1 Upgrade steps

Searching for S1883 UART data revealed that its maximum baud clock rate and the resulting maximum baud rate are far too low to support 115200~baud. However, we were able to find a pin-compatible replacement from Harris, the ``HD-6402''. It comes in two variants, HD-6402B for max.~8~MHz baud clock (500~kbaud) and HD-6402R for max.~2~MHz baud clock (125~kbaud).

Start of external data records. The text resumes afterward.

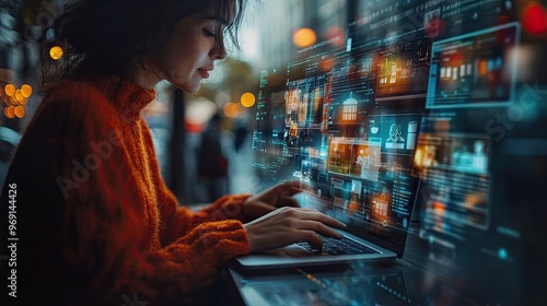 A person using a laptop to browse an online store, with multiple product images and shopping carts displayed on the screen.
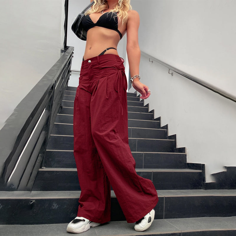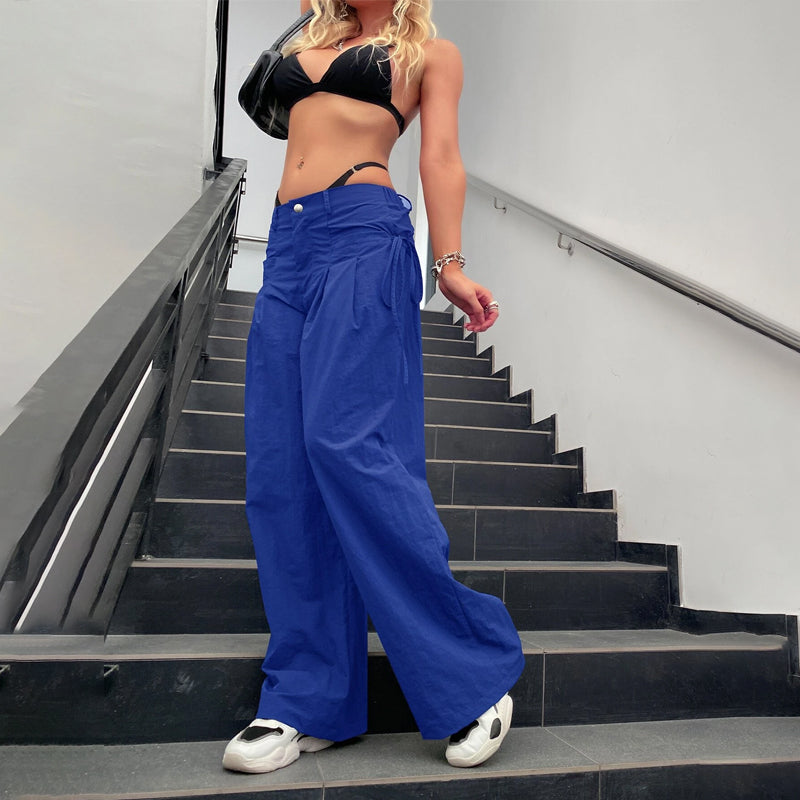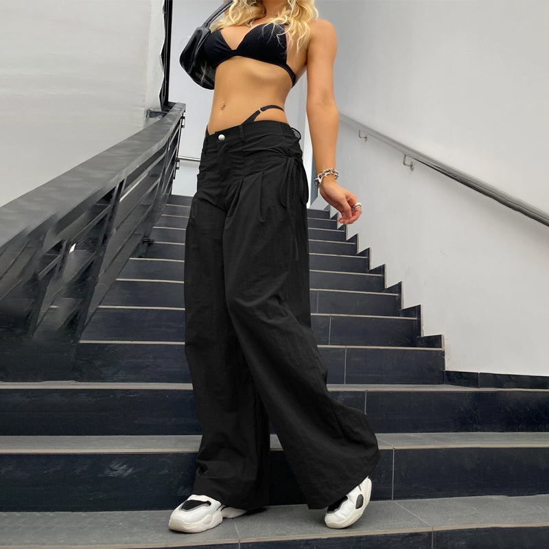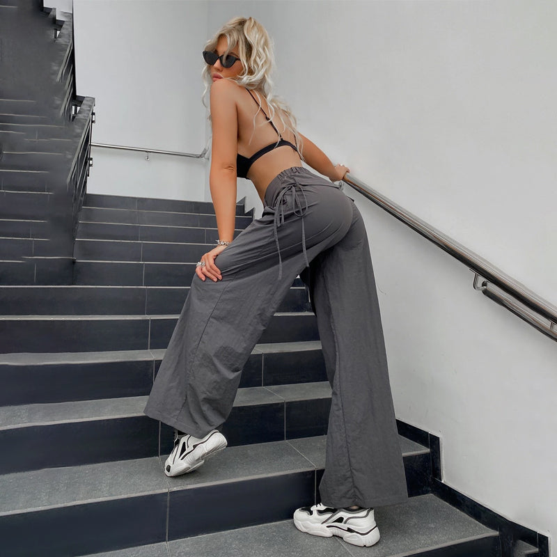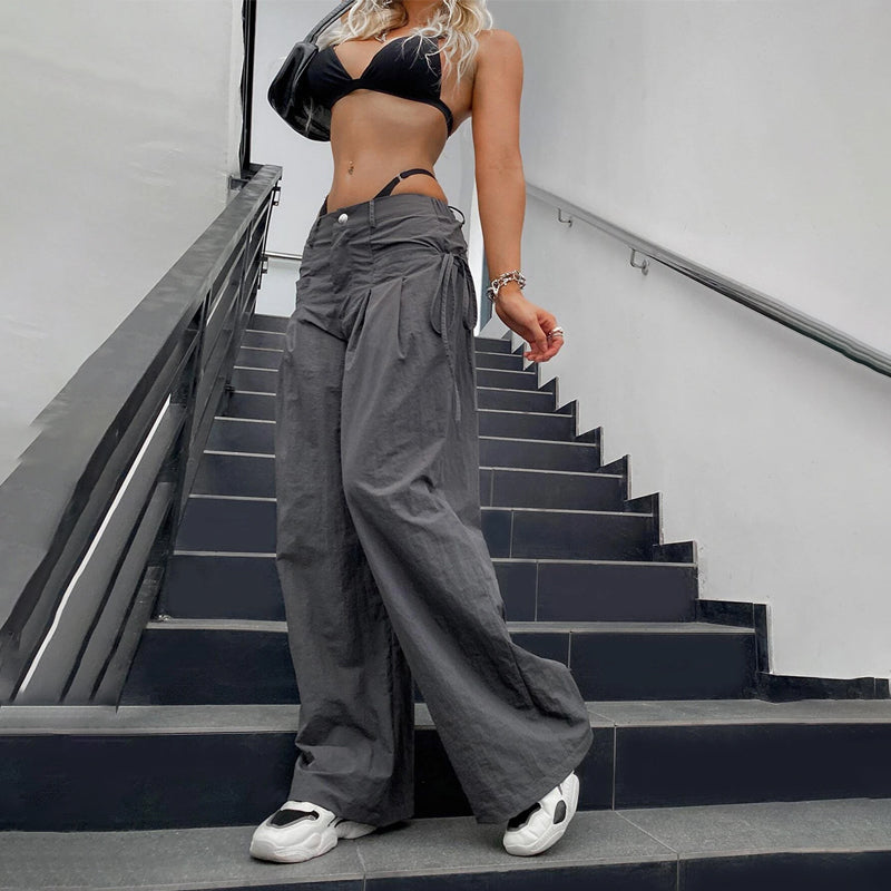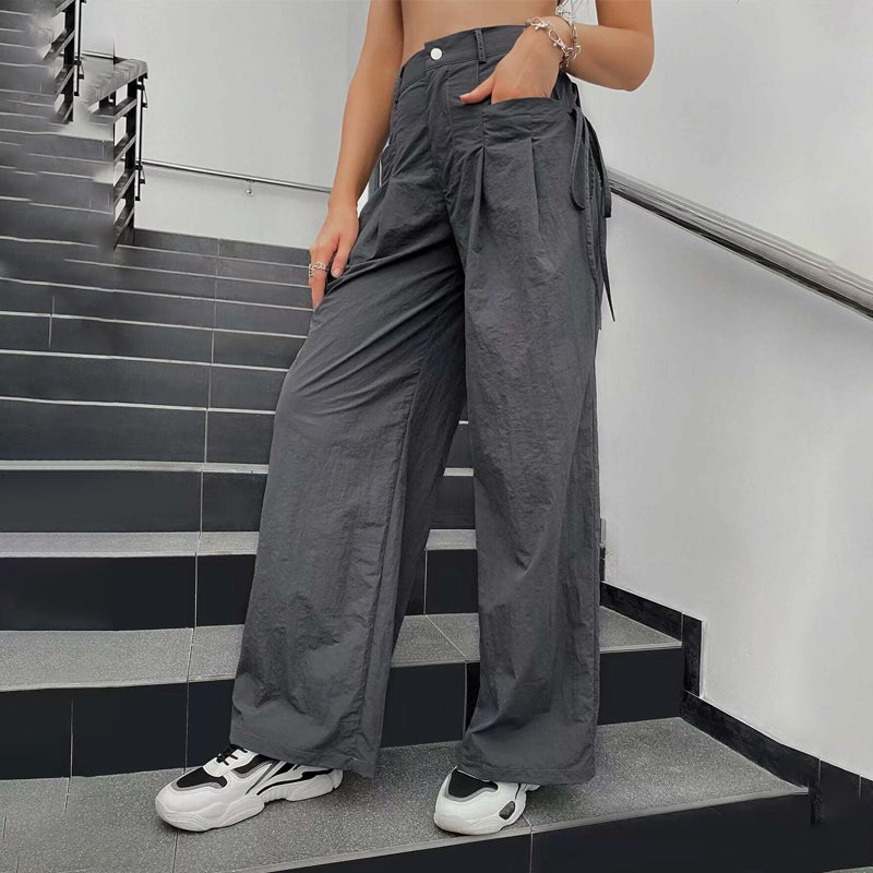 Side Parachute Wide Leg Pants are a must-have style for every woman's wardrobe, with a great fit, and easy care. The loose fit is super flattering on most body types. You can style it with sandals and a sweater, or take it out on the town in this wide-leg pant that looks great with anything you pair them with.
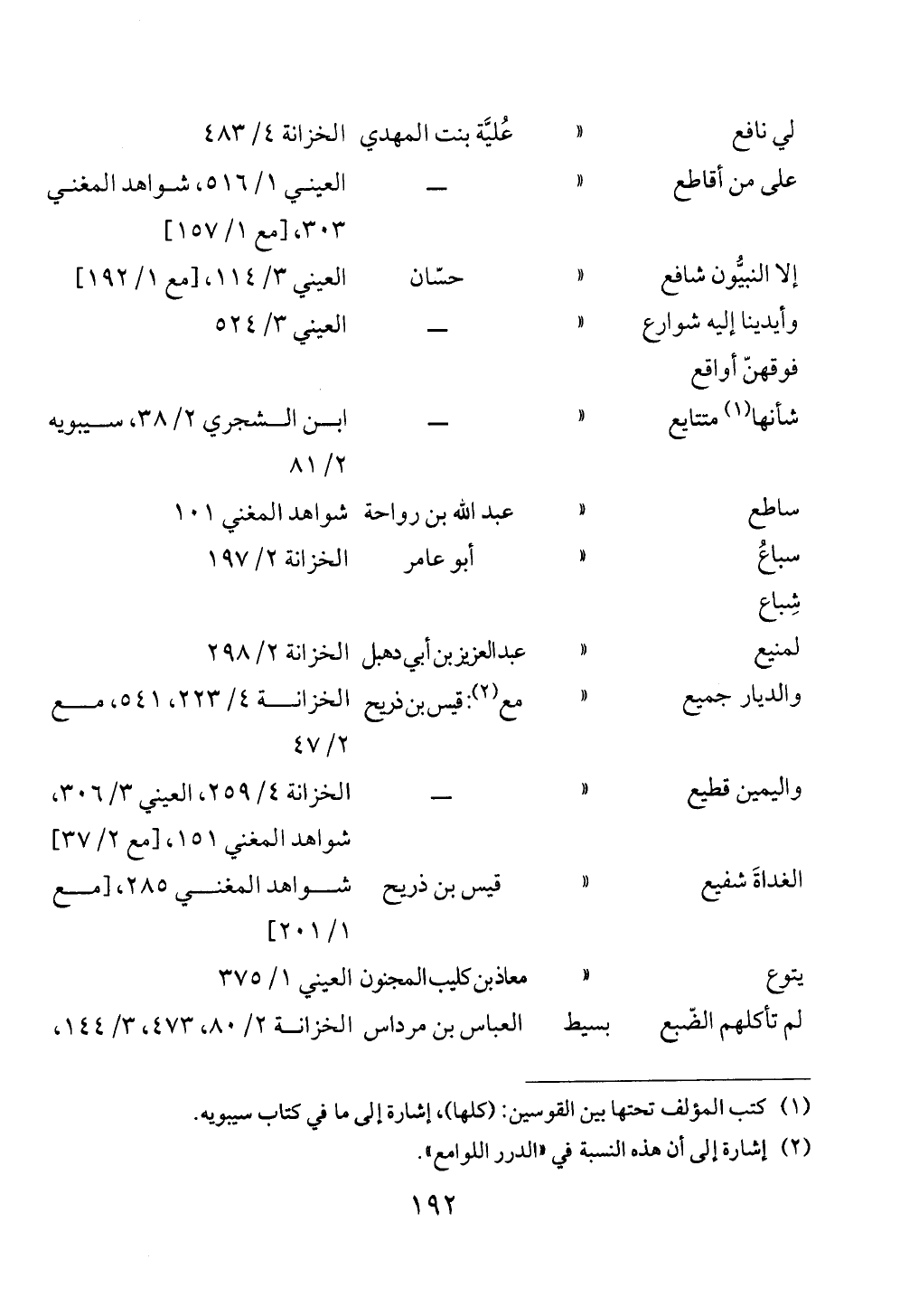 وأيدينا إليه شوارع ¶فوقهنّ أواقع ... « ... ــ ... العيني ٣/ ٥٢٤
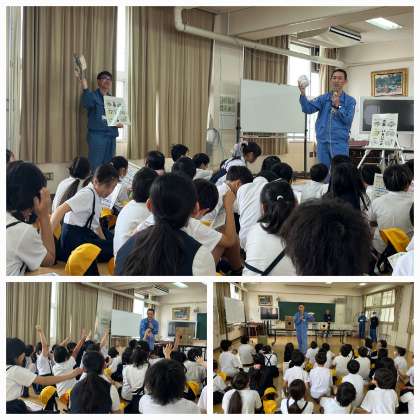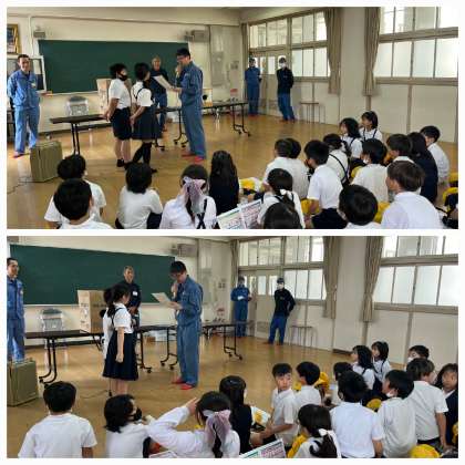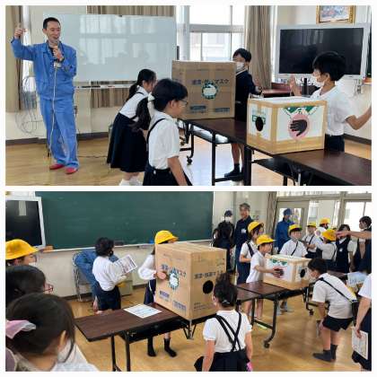 環境局の方は、子どもたちに空気砲の体験や、6枚の牛乳バックで1ロールのトイレットペーパーができるなど楽しく話していただきました。
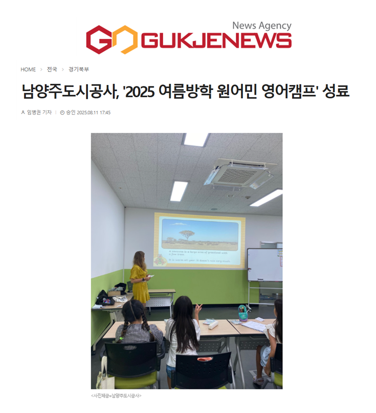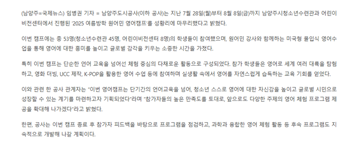 2025.08. 남양주도시공사, 2025 여름방학 원어민 영어캠프 성료 작성자 청소년수련관 등록일자 2025년 11월 26일 13시 2분 36초 조회 33 남양주도시공사, '2025 여름방학 원어민 영어캠프' 성료 남양주도시공사 2025 여름방학 원어민 영어캠프 성료 (1) (1).png [ Size : 366.43KB, Down : 33 ] 미리보기 다운로드 남양주도시공사 2025 여름방학 원어민 영어캠프 성료 (2) (1).png [ Size : 146.99KB, Down : 31 ] 미리보기 다운로드 목록보기

Both will do for this upgrade, but we naturally recommend HD-6402B as it leaves room for further speedup as high-speed serial cards for PCs may become available.

The baud clock frequency used by HD-6402 is 16 times the desired baud rate, as with S1883. This means that the existing baud clock generator can be used to generate existing baud rates, if desired.

Since the ``COM 5046'' baud rate generator chip will not run with much higher crystal frequencies than the current 5.0688~MHz, the easiest way to have a new ``permanent'' 1.8432~MHz oscillator would be to fit a crystal oscillator module with a TTL output into a wire-wrap socket.

For placement of the new oscillator, please refer to board layout diagram in 6004-014. Remove adequate number of wire-wrap pins of J1/J2 of section C to make room for two 14-pin wire-wrap sockets. Insert a 3.6864~MHz crystal oscillator module in the first socket and a 74LS74 in the other one.

The purpose of the jumper block is to enable to you easily switch back to the original 110--9600 baud baud rate generator.

The 1000~pF capacitor at D26 (schematics 6004-006) determines the delay which must elapse before the data buffer replies to any command. The value 1000~pF would result in nominal delay of 0.1~ms which is all right for 115200 baud use.

However, we suspect that most data buffers in the field have been equipped with 1~μF capacitors instead. The resulting 0.1~second delay was necessary to accommodate HP1000 half-duplex serial interfaces with a minimum ``turn-around'' time.

You must make sure that the capacitor at D26 is 1~nF.